Libia. Le tribù ad est chiudono la via del petrolio

di Giuseppe Gagliano

Quanto intrinsecamente instabile sia la situazione in Libia lo dimostra il fatto che le comunità locali della Libia orientale hanno preso possesso il 17 gennaio degli snodi portuali destinati all’esportazione di petrolio, annunciando nel contempo la chiusura dei terminali di Zueitina, collocati nell’est del Paese. Chiusura alla quale dovrebbe seguire il blocco delle esportazioni a partire dal 18 gennaio.
Una tale azione,compiuta verosimilmente a scopo intimidatorio nei confronti delle eventuali decisioni che potrebbero venire prese a Berlino,è stata accolta favorevolmente dal portavoce ufficiale dell’autoproclamato Esercito nazionale libico (LNA), Ahmed al-Mismari.
La compagnia petrolifera nazionale NOC ha condannato quest’operazione sottolineando le possibili implicazioni negative che potrebbero derivarne, dal momento che il settore petrolifero e del gas costituisce il sistema arterioso dell’economia libica. Entrando nel dettaglio, il blocco previsto si posiziona sul piano geografico lungo la costa nord orientale della Libia, che come noto è sotto il controllo militare del generale Khalifa Haftar. Ancora più significativo è il fatto che le tribù abbiano chiesto la chiusura degli oleodotti di Mellitah, Brega e Misurata.

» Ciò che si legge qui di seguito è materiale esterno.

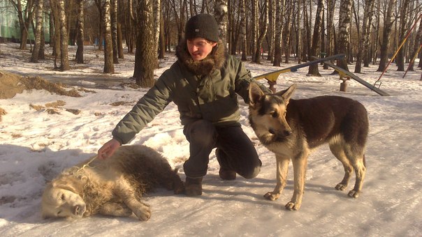 26 февраля в Белоусовском парке подобрали двух собак- молодая сука восточноевропейской овчарки (возраст - около 1 года) и кобель ретривера (возраст - около 5 лет), в ослабленном состоянии.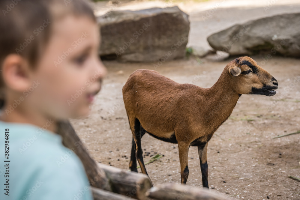 Shallow focus of a kid watching animals at a zoo under the sunlight

Alla luce di questa novità,che non deve essere letta come un mero fatto di cronaca, due osservazioni sorgono spontanee: da un lato il fatto che si sia sottovalutato il ruolo essenziale sul piano storico delle tribù libiche, e dall’altro il fatto che appare francamente inverosimile è che il congresso di Berlino possa effettivamente risolvere una situazione così magmatica e contraddittoria, visto che numerosi sono i players che si battano su questa scacchiera e troppi sono gli interessi contrastanti.